Summertime sadness

I’m sitting in my apartment. It’s just after sunset, when there’s still light outside but everything is painted in blue. My window is open and somewhere nearby someone is playing a guitar. He or she is not doing a very good job of it, but for now I don’t mind.

Today marks the second day with unbelievably hot weather in Sweden. The temperature has risen to beyond 30 degrees Celsius when a couple of days ago it was only half of that. Considering we’ve moved past midsummer and into July I’d say it’s about damn time it got hot.

Do you know what else is about damn time? Just hanging out downtown with no agenda or time schedule. Just standing around and enjoying the city life. Feel the pulse of the city. Eat some ice cream. But that is, of course, the romantic side of me speaking.

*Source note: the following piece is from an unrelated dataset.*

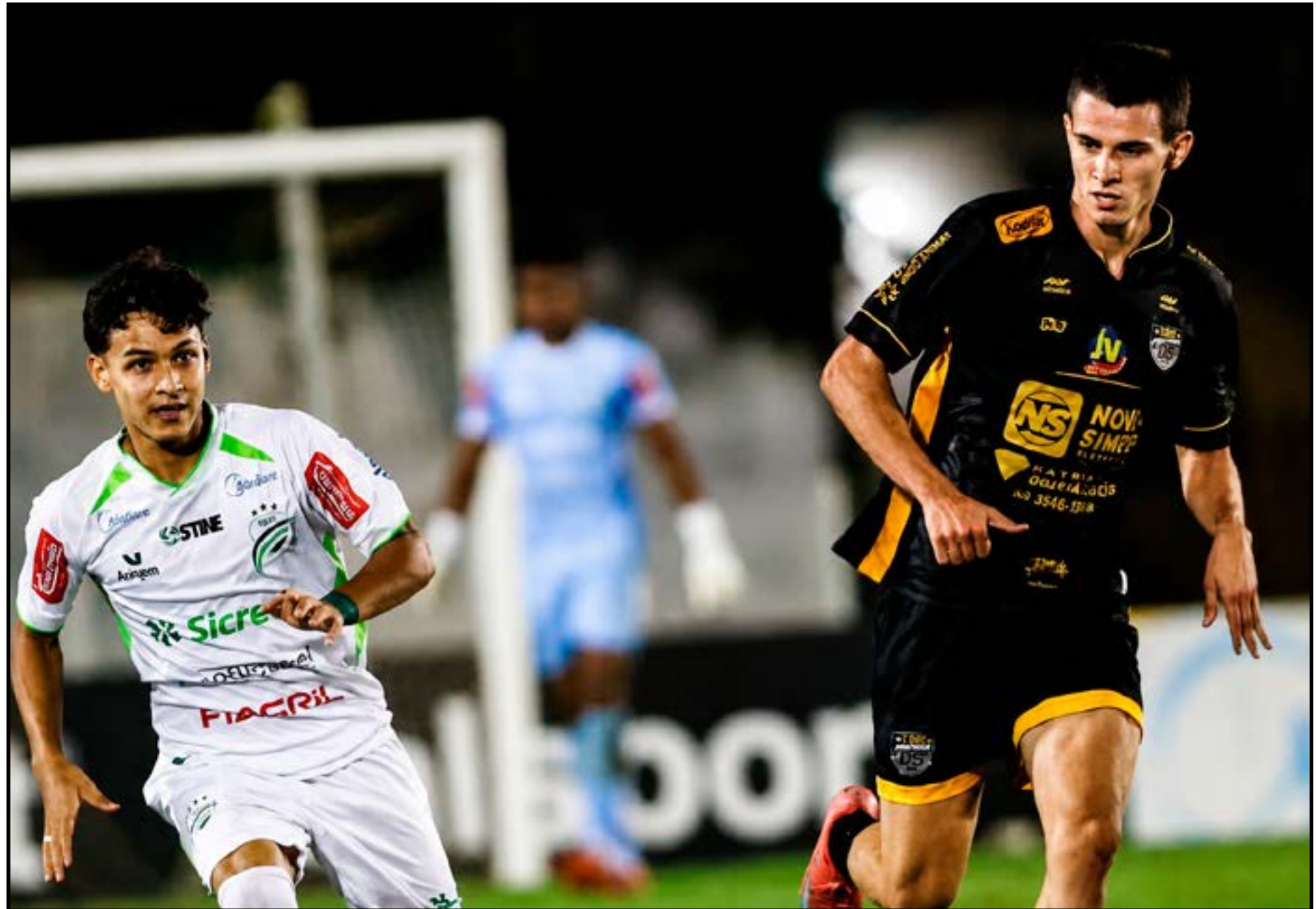
Sport Sinop e LEC ficaram no 2 a 2

No Grupo A, o Uirapuru lidera com 12 pontos em 5 jogos, seguido do Vila Aurora com 9 (o União poderia chegar aos mesmos 9 pontos). Já no Grupo B, o Cacerense encerrou a primeira

The practical side of me says I haven’t gone people watching because it’s a huge waste of time standing around loitering when I could do something else, something productive. And what do I expect is going to happen? I know every nook and cranny around here, there’s nothing to be surprised about.

I guess it’s something you grow out of.

Like an old pair of shoes the city has lost its splendor.

But during summer a new light shines upon it. It’s easy to fall in love with the city all over again. Surrounded by glistening water and people in all ages enjoying the weather in all their remarkable ways.

I miss the times I could just sit at the pier and share my goals and dreams with my friends. I wish I could contemplate life with some strangers. I wish I could exchange numbers with that cute girl sitting over there. I wish I coul-

God damnit, I just burnt my cinnamon buns in the oven.

Someone should tell that guitarist to stop playing, it’s almost midnight.